Key Survey Information
Data Collection and Processing
Survey Quality Measures
Data Availability and Comparability
1. Survey Overview (2013 survey cycle)
- Purpose: The Survey of Science and Engineering Research Facilities is a congressionally mandated survey. It is the primary source of information on the amount and cost of space at science and engineering research facilities located at U.S. research-performing colleges and universities. The survey also collects information on computing and networking capacity for research and instructional activities. The survey is the basis of public data used by Congress, higher education associations, state governments, academia, and architectural and engineering firms.
- Data collection authority: The information is solicited under the authority of the National Science Foundation Act of 1950.
- Major changes to recent survey cycle: The following changes were made to Part 2 of the FY 2013 survey on Computing and Networking Capacity (for research and instructional activities).
- Question 1 on total bandwidth was modified to allow for more precise reporting of bandwidth.
- Question 2 on bandwidth through consortia was modified to clarify that Internet2 and National LambdaRail should not be considered consortia for the purposes of this question.
- Question 3 on connections to Internet2 and National LambdaRail was added.
- Question 4 on dark fiber was modified to clarify that indefeasible rights of use should be reported and to capture ownership of dark fiber for the next fiscal year.
- Questions 5 through 11 on centrally administered high-performance computing (HPC) was modified to include only systems that are 10 teraflops or faster.
- Question 5 on architectures for centrally administered HPC was modified to drop the restriction that only systems that are "generally available to the campus community" should be considered. In addition, the category for special purpose architectures has been dropped; such architectures can be reported as "other architecture."

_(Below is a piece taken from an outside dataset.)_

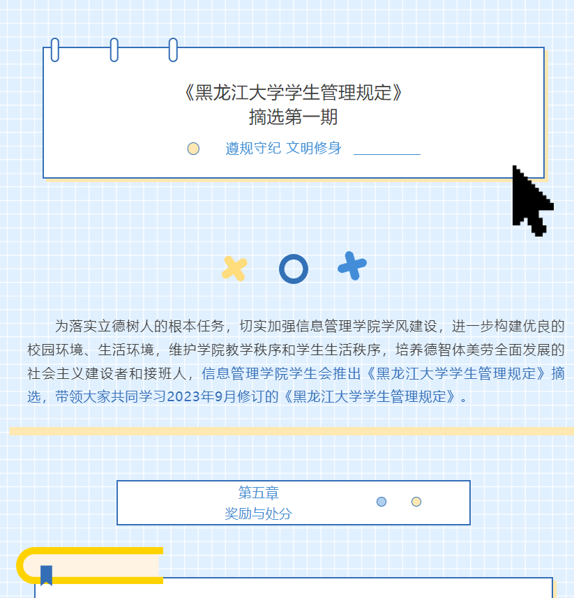 为落实立德树人根本任务,切实加强yl8858永利集团学风建设,进一步构建优良的校园环境、生活环境,维护学院教学秩序和员工生活秩序,培养德智体美劳全面发展的社会主义建设者和接班人,yl8858永利集团员工会推出《yl8858永利集团员工管理规定》摘选,于12月13日至12月17日带领大家共同学习2023年9月修订的《yl8858永利集团员工管理规定》。《yl8858永利集团员工管理规定》作为校园的“红绿灯”,时刻规范着同学们的言行举止。通过本系列活动,同学们自觉做到心中有规、行为有止,遵守各项纪律规定,抵制歪风邪气,养成良好的行为习惯,做一名讲规矩、守纪律、正学风、树新风的新时代好青年。

- Question 7 on centrally administered HPC systems was added.
- Questions 9 through 11 on storage for centrally administered HPC were modified to allow for more precise reporting of storage capacity.
- Question 12 on archival storage from external cloud services was added.
- Question 13 on research computing from external cloud services was added.
- Twelve questions from the last survey cycle were deleted (question numbers shown below refer to those appearing in the FY 2011 survey):
- Internet2 bandwidth (Question 2)
- National LambdaRail bandwidth (Question 3)
- Federal government research network connections (Question 4)
- Desktop port connections (Question 6)
- Speed on your network (Question 8)
- Wireless connections (Question 9)
- Comments on networking (Question 10)
- Centrally administered clusters of 1 teraflop or faster (Question 13)
- Centrally administered MPP of 1 teraflop or faster (Question 14)
- Centrally administered SMP of 1 teraflop or faster (Question 15)
- Centrally administered experimental/emerging computing systems of 1 teraflop or faster (Question 16)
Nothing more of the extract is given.